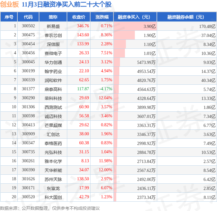 创业板融资净买入前三分别为:新易盛(300502)融资净买入3.9亿元、香农芯创(300475)融资净买入1.9亿元、深信服(300454)融资净买入1.1亿元,前20具体见下表:
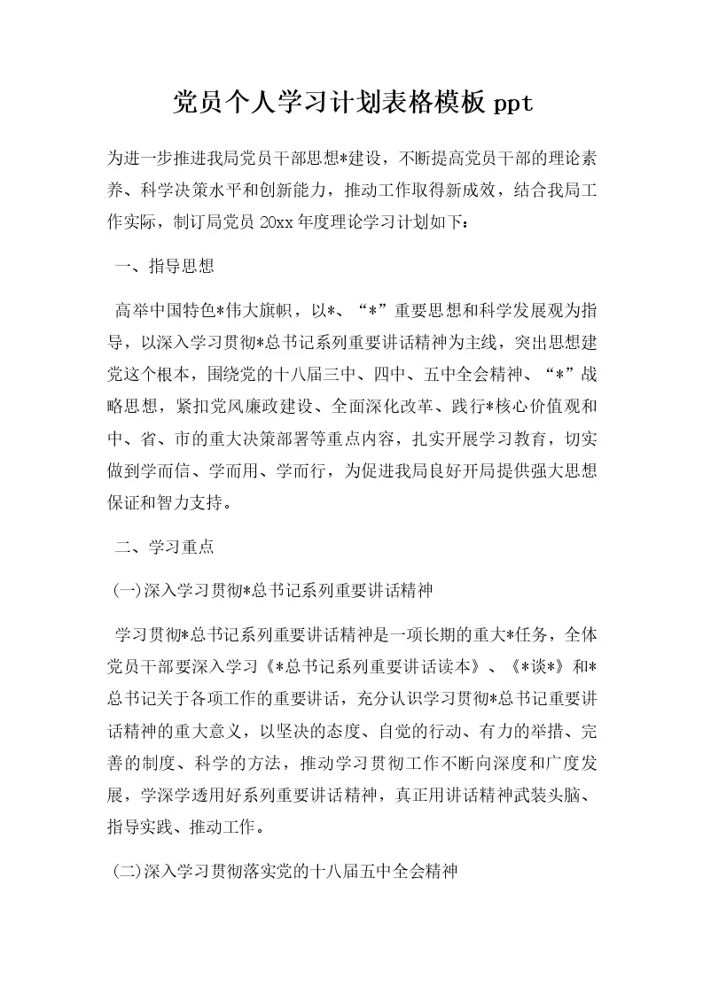 党员个人学习计划表...
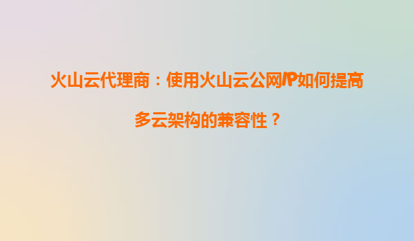 2025-09-16火山云代理商:使用火山云公网IP如何提高多云架构的兼容性? 一、多云架构的挑战与火山云的定位 在多云架构日益普及的今天,企业往往面临跨云资源管理复杂、网络互通成本高、安全性难以保障等问题。不同云服务商...
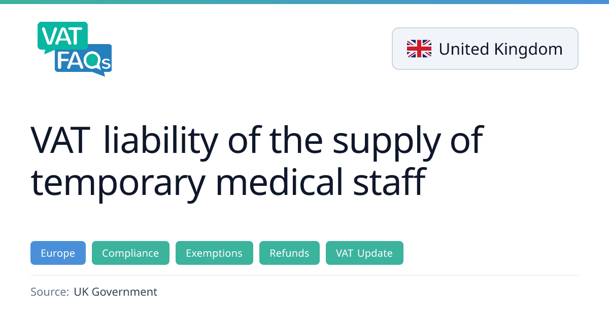 The UK Government brief confirms that the VAT exemption for deputising services extends to all temporary medical staff, including locum doctors supplied by employment businesses, following a 2025 First Tier Tribunal ruling. Businesses that have charged standard‑rate VAT on such supplies within the last four years can claim a refund via an error‑correction notification. The brief also outlines the steps for claiming refunds and the impact on recovered input tax.
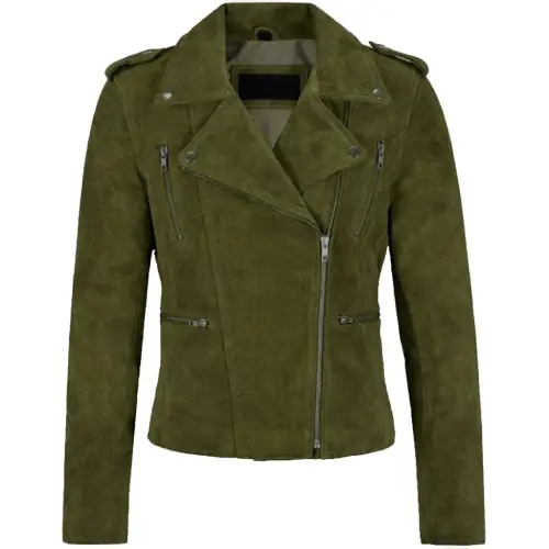Women’s Genuine Goat Suede Biker Jacket Lola Olive Green Regular price
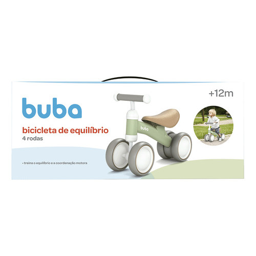 Bicicleta De Equilíbrio 4 Rodas Retro Sem Pedal - Verde ou Bege Buba
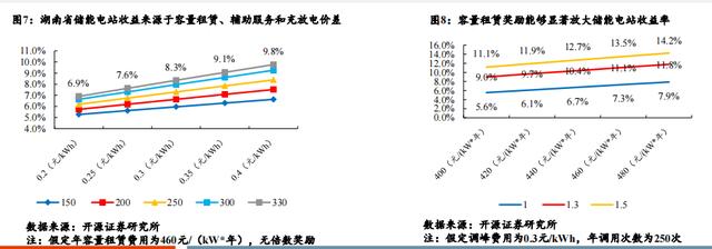并且在容量租賃獎(jiǎng)勵(lì)為1.3倍和1.5倍時(shí),其資本金收益率能夠放大至11.1%與13.5%??紤]到當(dāng)前湖南省仍存在較大的電 網(wǎng)側(cè)儲(chǔ)能裝機(jī)缺口,調(diào)峰服務(wù)輔助頻次和價(jià)格均有望實(shí)現(xiàn)較大的提升,在不考慮容量租賃獎(jiǎng)勵(lì)的情況下,其資本金收益在年調(diào)用次 數(shù)為330次,調(diào)峰輔助服務(wù)收益為0.4元/kWh的情況下,其資本金收益率能夠達(dá)到9.8%。隨著電力輔助服務(wù)種類(lèi)增多和電力現(xiàn)貨市場(chǎng) 的開(kāi)展,其收益方式有望進(jìn)一步增加。同時(shí)儲(chǔ)能電站的收益在一定程度上依賴電站運(yùn)營(yíng)商自身的運(yùn)營(yíng)水平,隨著儲(chǔ)能電站運(yùn)營(yíng)商的 經(jīng)驗(yàn)積累,收益能力有望進(jìn)一步提升。

* THE PROBLEM *
Return every line above verbatim, pictures excluded.

* ANSWER TO THIS PROBLEM *
 创业板融资净买入前三分别为:新易盛(300502)融资净买入3.9亿元、香农芯创(300475)融资净买入1.9亿元、深信服(300454)融资净买入1.1亿元,前20具体见下表:
 党员个人学习计划表...
 2025-09-16火山云代理商:使用火山云公网IP如何提高多云架构的兼容性? 一、多云架构的挑战与火山云的定位 在多云架构日益普及的今天,企业往往面临跨云资源管理复杂、网络互通成本高、安全性难以保障等问题。不同云服务商...
 The UK Government brief confirms that the VAT exemption for deputising services extends to all temporary medical staff, including locum doctors supplied by employment businesses, following a 2025 First Tier Tribunal ruling. Businesses that have charged standard‑rate VAT on such supplies within the last four years can claim a refund via an error‑correction notification. The brief also outlines the steps for claiming refunds and the impact on recovered input tax.
Women’s Genuine Goat Suede Biker Jacket Lola Olive Green Regular price
 Bicicleta De Equilíbrio 4 Rodas Retro Sem Pedal - Verde ou Bege Buba
并且在容量租賃獎(jiǎng)勵(lì)為1.3倍和1.5倍時(shí),其資本金收益率能夠放大至11.1%與13.5%??紤]到當(dāng)前湖南省仍存在較大的電 網(wǎng)側(cè)儲(chǔ)能裝機(jī)缺口,調(diào)峰服務(wù)輔助頻次和價(jià)格均有望實(shí)現(xiàn)較大的提升,在不考慮容量租賃獎(jiǎng)勵(lì)的情況下,其資本金收益在年調(diào)用次 數(shù)為330次,調(diào)峰輔助服務(wù)收益為0.4元/kWh的情況下,其資本金收益率能夠達(dá)到9.8%。隨著電力輔助服務(wù)種類(lèi)增多和電力現(xiàn)貨市場(chǎng) 的開(kāi)展,其收益方式有望進(jìn)一步增加。同時(shí)儲(chǔ)能電站的收益在一定程度上依賴電站運(yùn)營(yíng)商自身的運(yùn)營(yíng)水平,隨著儲(chǔ)能電站運(yùn)營(yíng)商的 經(jīng)驗(yàn)積累,收益能力有望進(jìn)一步提升。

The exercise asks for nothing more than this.